___ EXCERPTED RECORDS ___

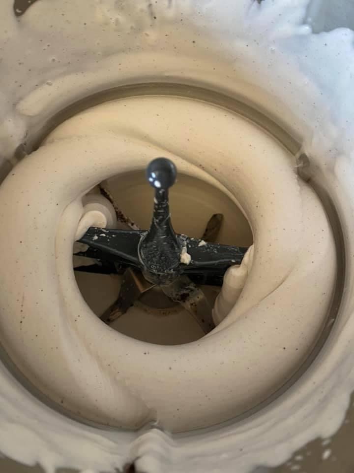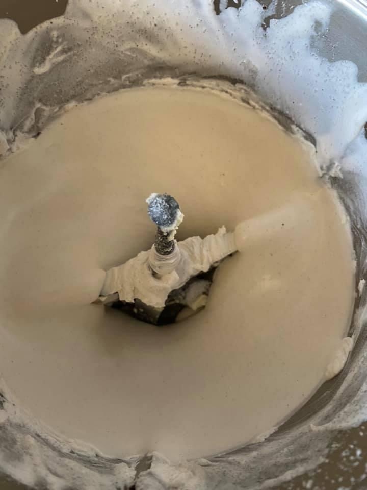 - Montati fluturele de amestecare pe cuțit in bol și Adaugati frișca lichida apoi bateți 1.30 min/vit 3;
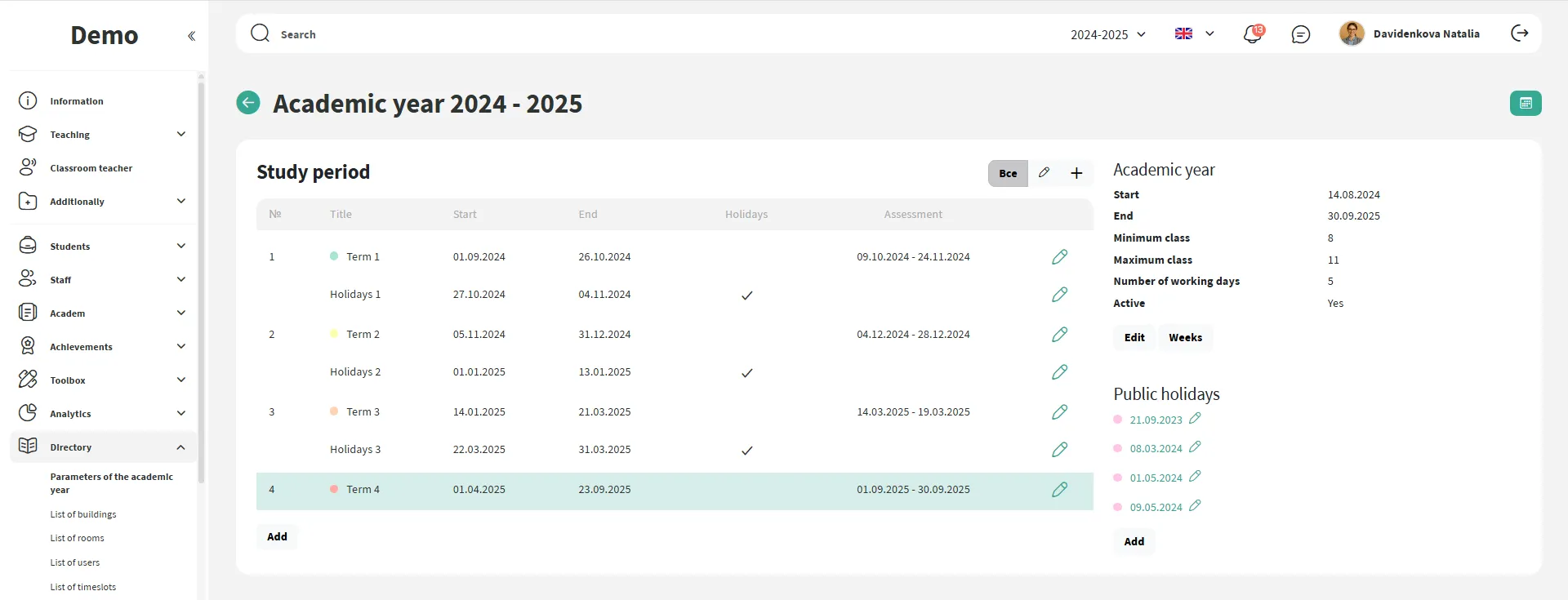 Estruture o ano considerando bimestres, semestres, feriados e recessos. Isso serve como base para todos os processos da escola.
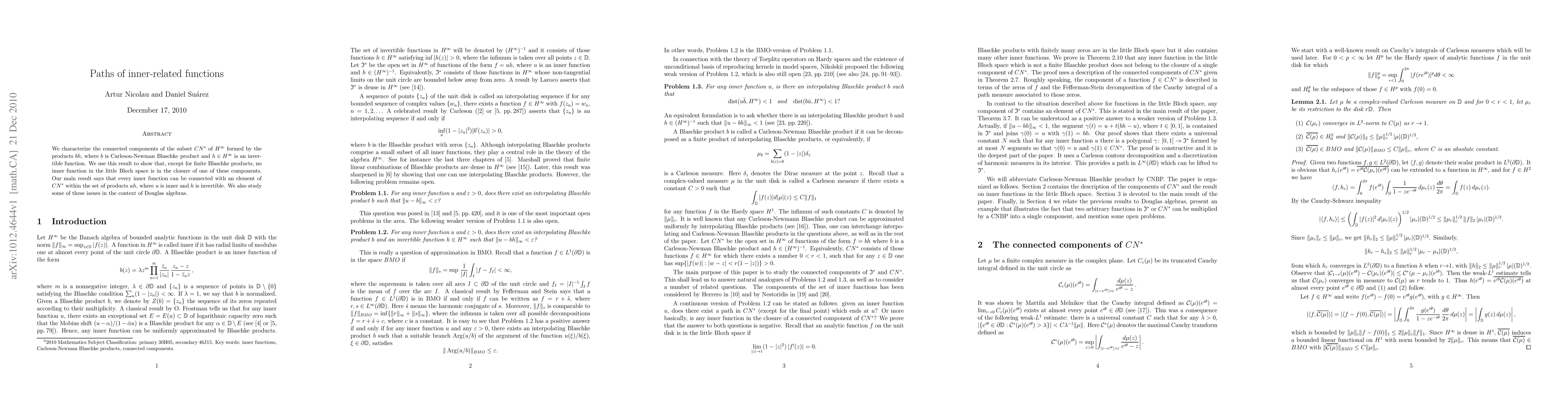 We characterize the connected components of the subset $\cni$ of $H^\infty$ formed by the products $bh$, where $b$ is Carleson-Newman Blaschke product and $h\in H^\infty$ is an invertible function. We use this result to show that, except for finite Blaschke products, no inner function in the little Bloch space is in the closure of one of these components. Our main result says that every inner function can be connected with an element of $\cni$ within the set of products $uh$, where $u$ is inner and $h$ is invertible. We also study some of these issues in the context of Douglas algebras.
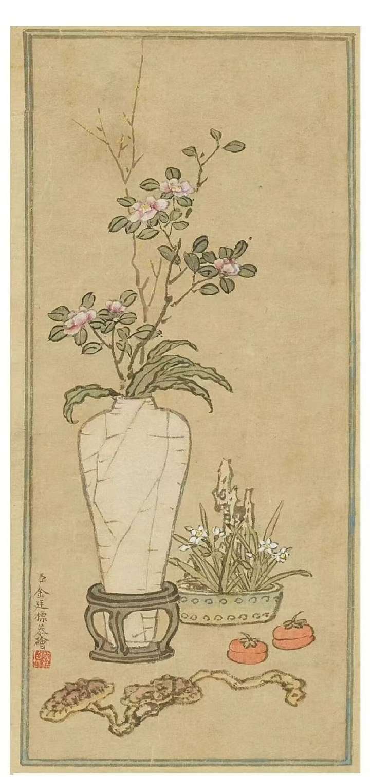 《曹大家授书图》的特别之处,还在于画中藏着一处精巧的“画中画”——壁间悬挂的《岁朝清供图》。白瓷瓶内,梅花与山茶相映成趣,其后放置水仙湖石一盆,并有柿子与如意,暗合“事事如意”的美好期许。
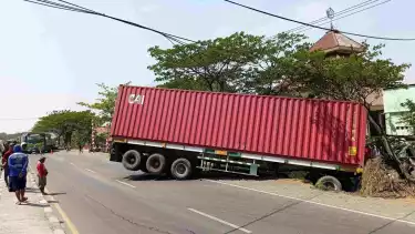 Truk Kontainer Masuk Parit di Jalur Pantura Pangenan Cirebon, Sopir Ngantuk
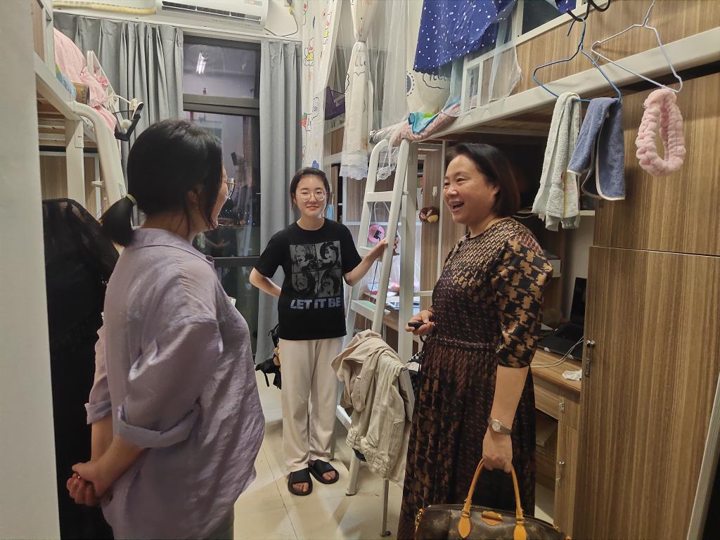 走访过程中,老师们查看新寝室房间布局、洗漱条件等,询问了解同学们对新校区新寝室生活住宿相关意见建议,对同学们的生活及学习情况进行了详细的询问和答疑。潘煜双对同学们顺利安全地返校给予了关心,在与准毕业生们亲切交谈,询问同学们考研准备与就业打算,一方面鼓励与期许他们能上更高的平台,另一方面也十分欢迎员工选择报考母校的会计专业硕士(MPAcc)。邵燕耐心倾听了同学们对今后的目标和规划,对大家选择并确立的考研目标表示了充分肯定并提出建议,鼓励大家既要扎实专业学习,阅读经典书籍,拓展知识面,更要学会张弛有度的学习,要勤于锻炼,规律作息。公司领导和老师们还特别叮嘱同学们要继续做好疫情期间的个人防护,严防各类诈骗,注重寝室卫生、寝室安全,建好寝室文化,鼓励同学们积极参与创新创业活动并树立积极、正确的就业意识,以健康的体魄、饱满的精神状态来完成新学期的各项学业及工作任务。
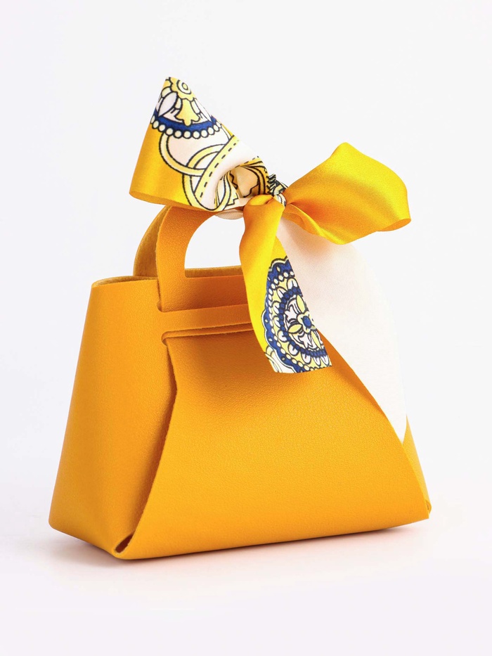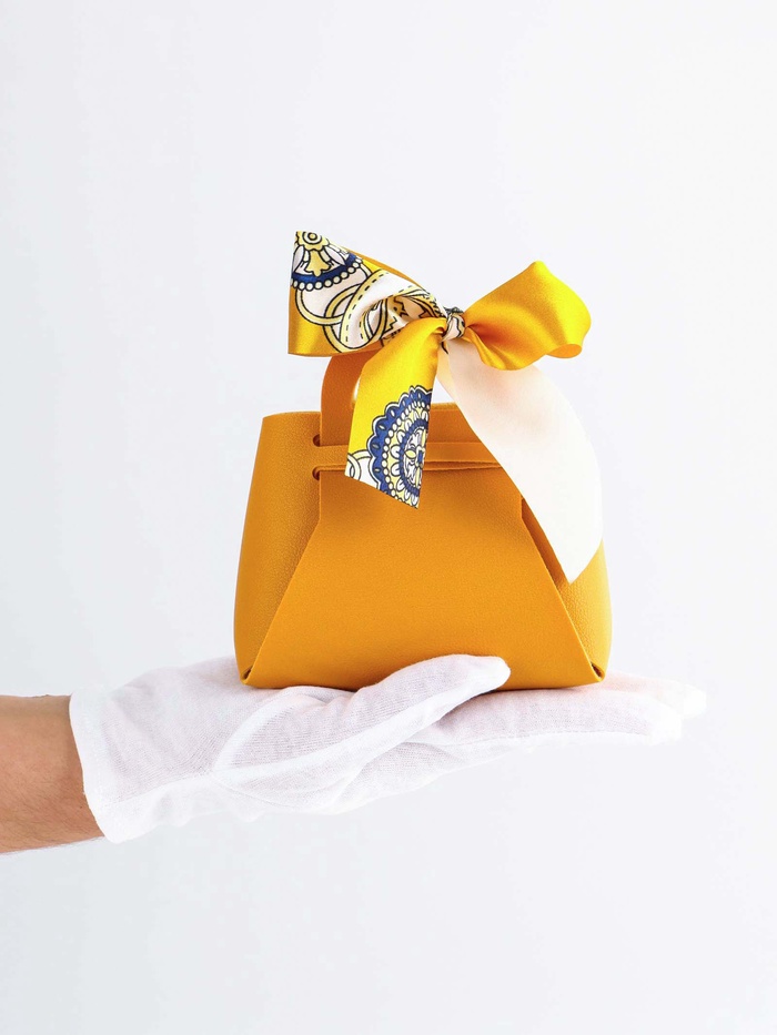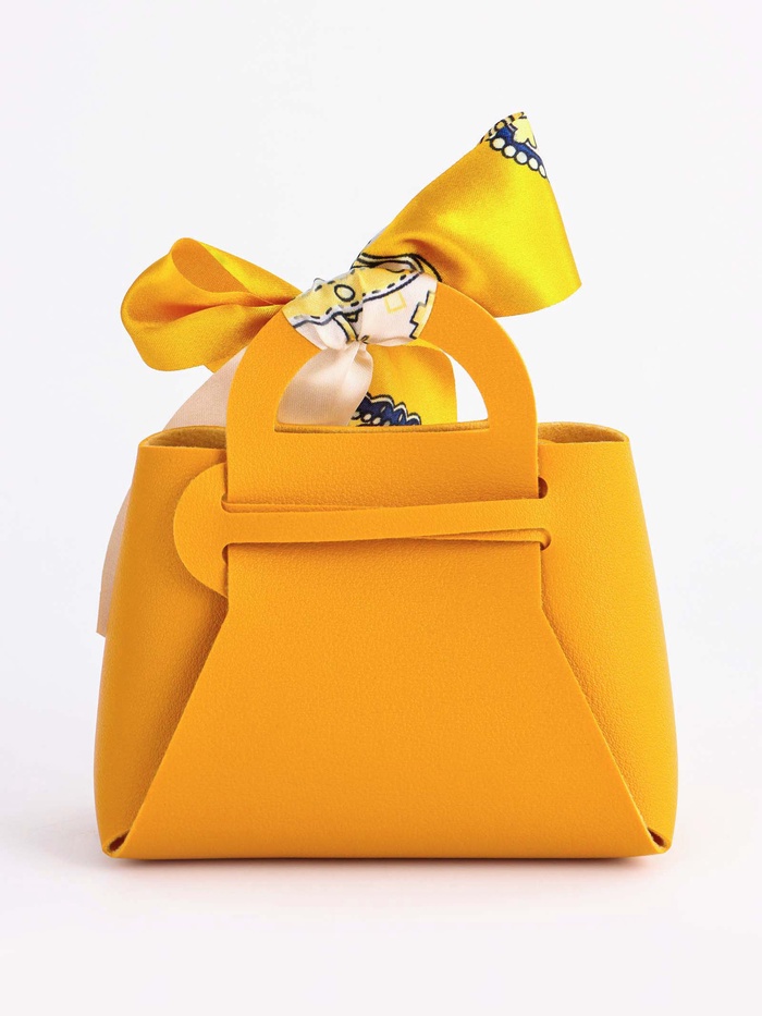Кожанная подарочная сумочка 13 х12 х 5,5 см желтая

___

## DESCRIPTION OF THE TASK
Your task is to reproduce the entries above word for word, from the first line through the line with "Estruture o ano", and please leave out any pictures.

## EXERCISE RESULT
 - Montati fluturele de amestecare pe cuțit in bol și Adaugati frișca lichida apoi bateți 1.30 min/vit 3;
 Estruture o ano considerando bimestres, semestres, feriados e recessos. Isso serve como base para todos os processos da escola.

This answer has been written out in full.